■ **Your instructions**:
When you repeat the entries below, keep each word exactly as it is and drop the pictures.

■ **Data section**:
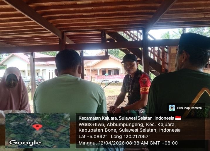 Bone – Babinsa Koramil 1407-18/Kajuara Serda Alimuddin melaksanakan komunikasi sosial (Komsos) bersama warga binaannya di Desa Abbumpungeng, Kecamatan Kajuara, Kabupaten Bone. Minggu siang (12/04/26).
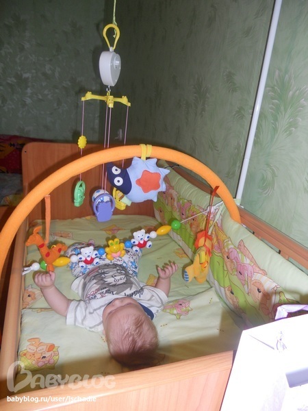 Саша доче еще дугу от коврика к кроватке приделал, т к она любит жирафика)) теперь у ребенка все удовольствия)) и мишки, и жирафик и кисаньки песенки поют)))
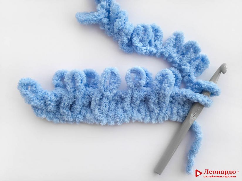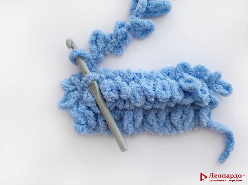 Первый ряд готов, таким образом вяжем все последующие ряды.
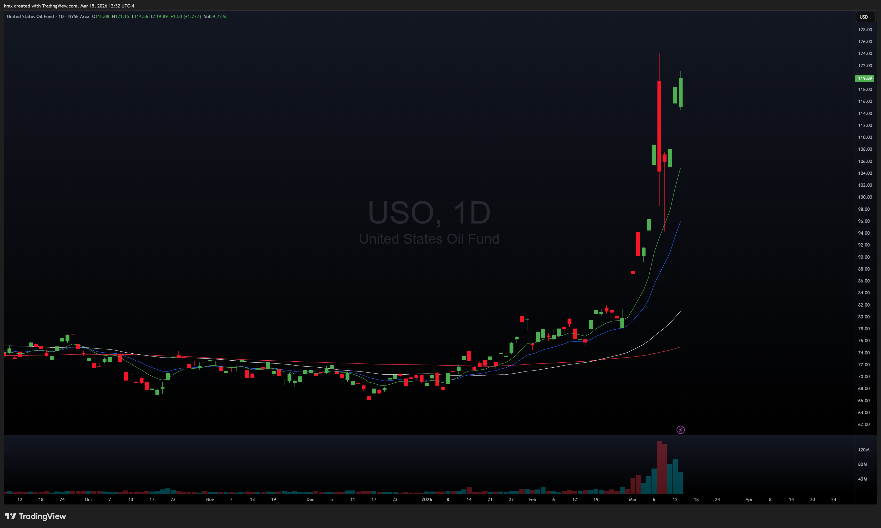 USO: oil pushing back toward the highs, curious to see if it has another leg or if supply steps in early this week.
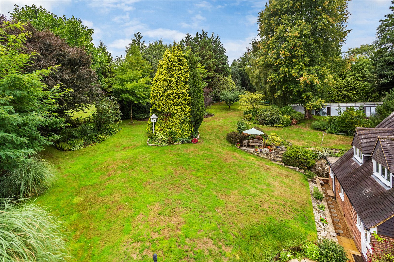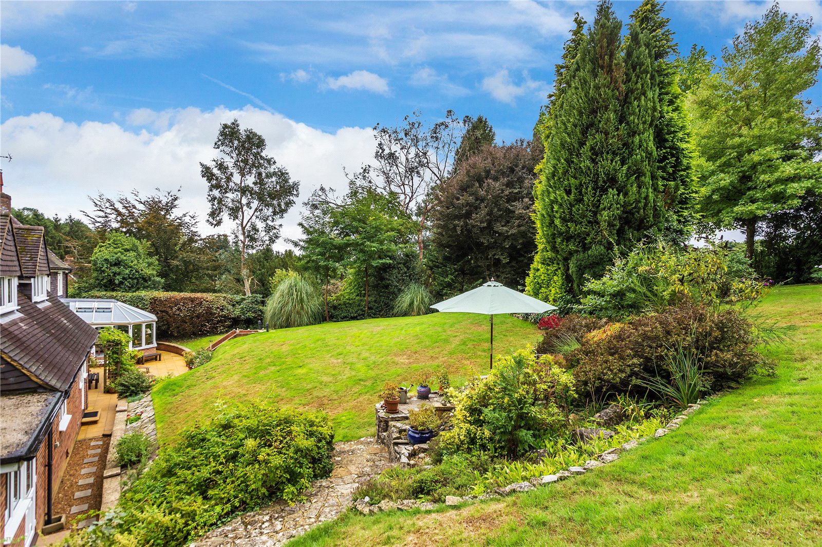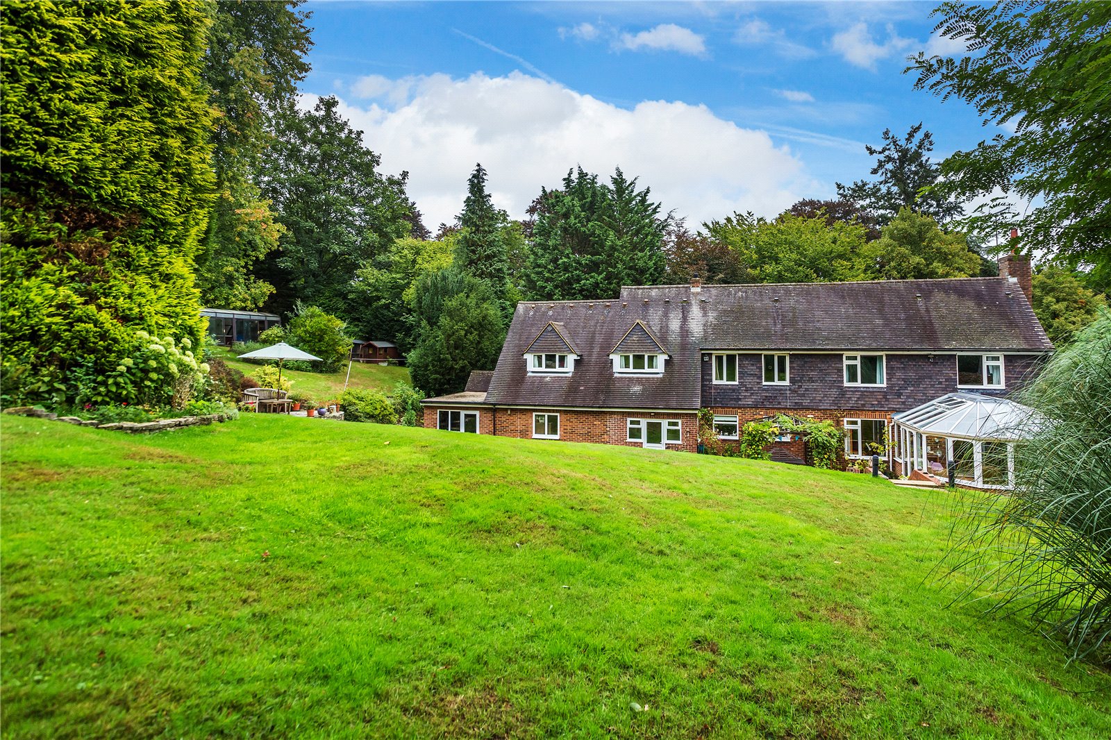 A range of other timber-built garden stores are also found in the garden, along with a vegetable garden, greenhouse, composting area and secondary patio. The main double garage is integral to the house, with a second single garage accessible from both the rear garden and the main driveway. There is a gated side access to the front of the house.

■ **Answer for the task**:
 Bone – Babinsa Koramil 1407-18/Kajuara Serda Alimuddin melaksanakan komunikasi sosial (Komsos) bersama warga binaannya di Desa Abbumpungeng, Kecamatan Kajuara, Kabupaten Bone. Minggu siang (12/04/26).
 Саша доче еще дугу от коврика к кроватке приделал, т к она любит жирафика)) теперь у ребенка все удовольствия)) и мишки, и жирафик и кисаньки песенки поют)))
 Первый ряд готов, таким образом вяжем все последующие ряды.
 USO: oil pushing back toward the highs, curious to see if it has another leg or if supply steps in early this week.
 A range of other timber-built garden stores are also found in the garden, along with a vegetable garden, greenhouse, composting area and secondary patio. The main double garage is integral to the house, with a second single garage accessible from both the rear garden and the main driveway. There is a gated side access to the front of the house.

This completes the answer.